Malaysia's eviction of sea nomads casts light on precarious lives

By Mandy Leong, Hasnoor Hussein and Rozanna Latiff

SEMPORNA, Malaysia (Reuters) - Patches of palm thatch entwined with a few forlorn stilts sticking out of the emerald waters in a Malaysian marine park off the island of Borneo are the only traces remaining of the homes of hundreds of sea nomads.

Robin, one of those left homeless among a community that inspired the fictional 'Metkayina' tribe in the 2022 film 'Avatar: The Way of Water', took to a boat with his children to flee the Malaysian officials who razed their home.

"I don't know where to go now," he told Reuters from the deck of a wooden houseboat festooned with drying clothes, where he lives with a cousin and their eight children after the demolition drive razed structures deemed illegal.

His indigenous sea-faring community, known as the Bajau Laut, is famed for the ability to dive underwater for lengthy periods unassisted by equipment.

They have lived in the area for centuries, but are still seen as migrants by the authorities, since most of them lack basic paperwork to prove their names, ages and nationality.

Sometimes known as Sama Bajau elsewhere in Southeast Asia, many face impoverished, precarious lives and are denied access to health, education or financial services without such documents.

"We can't buy food because our gold pawn tickets were damaged during the demolition," said Robin's cousin, Indasaini. "We have no money. The children are sick and we don't have money to buy medicine."

Malaysian authorities must take a more compassionate approach and consult the community before evictions or resettlements, said Vilashini Somiah, an anthropologist at the University of Malaya.

"These programmes do not work because there's no consultation with them in which you recognize the community as people," she said, referring to previous efforts.

Many sea nomads settled around islands in the Tun Sakaran Marine Park, popular with divers and tourists off Malaysia's eastern state of Sabah, but a crackdown on cross-border crime since June has demolished hundreds of homes.

Another reason for the drive was national security concerns, as the waters of the Sulu archipelago between Sabah and the southern Philippines are a stronghold of Abu Sayyaf, a militant group notorious for piracy and kidnapping that is linked to Islamic State.

Like many undocumented Bajau Laut, Robin goes by one name and does not know his exact age. But he said he can trace his family's history in the area, with his grandparents buried on an islet in the government-protected park.

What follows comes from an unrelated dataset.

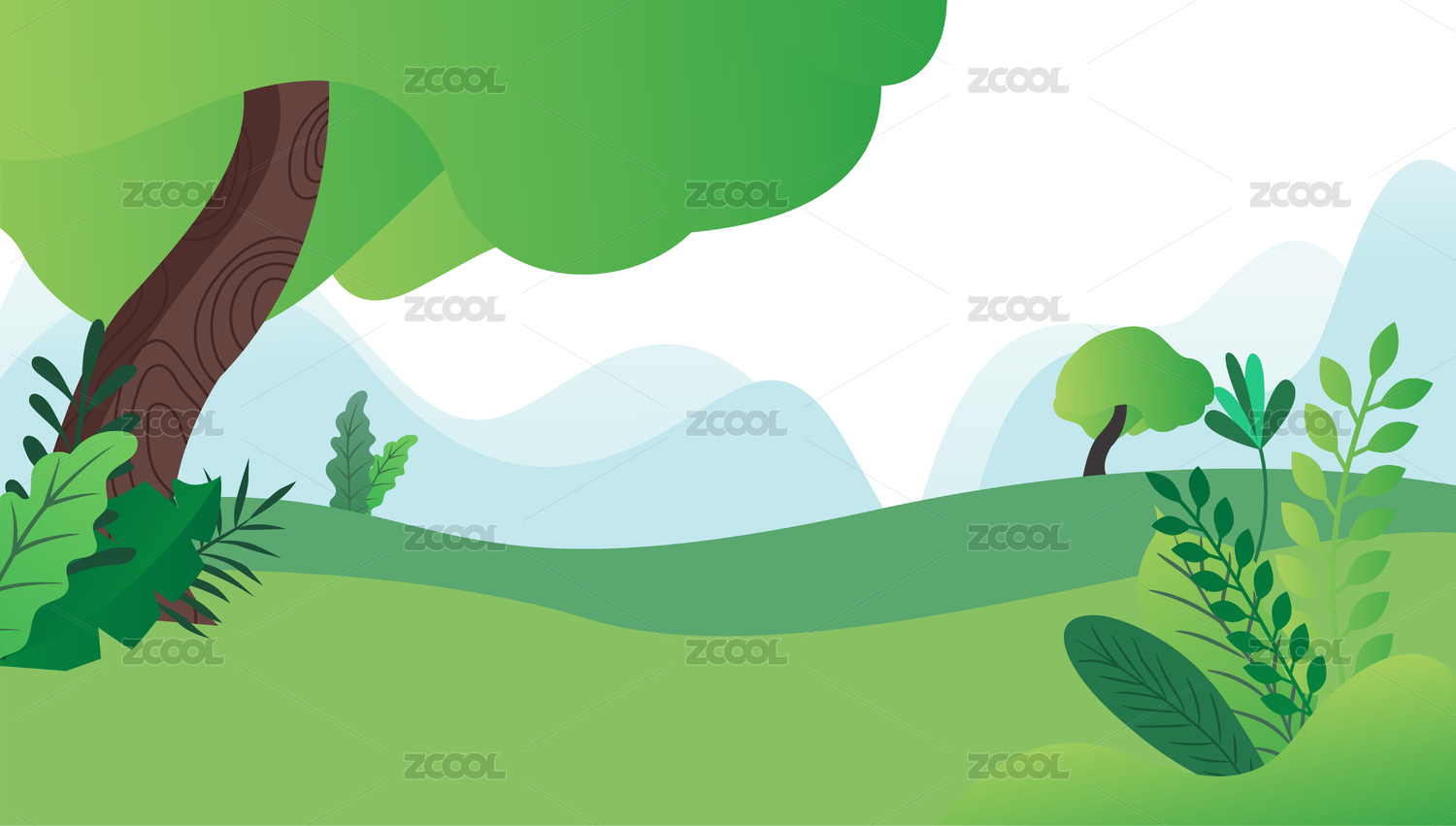 卡通绿树自然插画
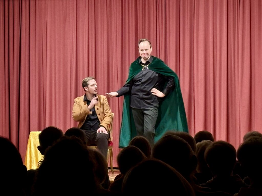 Vor restlos ausverkauftem Haus nahmen sie das Publikum mit auf eine Reise durch die bekanntesten Märchen der Brüder Grimm. Allerdings war hier nichts, wie man es kennt: Mit schrillen Tönen, schlagfertigem Wortwitz und einer Prise Absurdität verbanden die beiden Schauspieler die Geschichten auf ihre ganz eigene Weise und sprangen von Sterntaler über Schneeweißchen und Rosenrot zum Wolf und den sieben Geißlein. Dabei sorgten senile Großmütter, zickige Prinzessinnen und zudringliche Froschkönige für unzählige Lacher.

To earn his livelihood, Robin said he used to fish and gather wood from the islands to sell on the mainland, but has been unable to do so since he was evicted.

GROWING SCRUTINY

Reuters was unable to verify Robin's account, but state officials confirmed the campaign to remove intruders from protected areas of the park in the Semporna district.

"The Sabah government will take all necessary action to help," Hajiji Noor, the state's chief minister, told Reuters, adding that authorities had found another coastal area in Semporna to resettle the community.

A fifth of the roughly 28,000 Bajau Laut identified by the government in Sabah are Malaysian citizens, though analysts believe the figure could be higher.

The state has an estimated 1 million undocumented residents, including stateless indigenous communities and economic migrants from neighbouring Philippines and Indonesia.

The evictions of the Bajau Laut come amid growing scrutiny of Malaysia’s treatment of migrants. In March, New York-based Human Rights Watch said authorities had detained about 45,000 undocumented people since May 2020.

The move has sparked outrage and debate in Malaysia, with some activists calling for citizenship for the community to ensure better protection, though some voiced concern over national security.

Bilkuin Jimi Salih, 20, a Bajau Laut youth born in Sabah, said a Malaysian identity document was key to securing better education and job opportunities.

"I had many ambitions ... to become a policeman, a soldier, but I can't because I don't have documents," said Bilkuin, who now teaches at Iskul Sama DiLaut, a non-government body that educates stateless children.

His efforts to build a career were hampered by the lack of a birth certificate and identity card, he added.

"It's costly to take a pregnant woman to hospital, and that's how I realised why I wasn't born in a hospital," he added. "My family was too poor to afford it."

Winning citizenship may be difficult, however, Vilashini said, in view of the community's disputed origins and a lengthy history of squabbles over resources between undocumented people and the residents of one of Malaysia's poorest states.

She urged the authorities to better engage with the community to resolve the issue, adding, "It has to be consensual, it has to be respectable."

Without documents, life feels truly unfair, Bilkuin said. "We want to have documents so that ... our children won't experience what we've been through."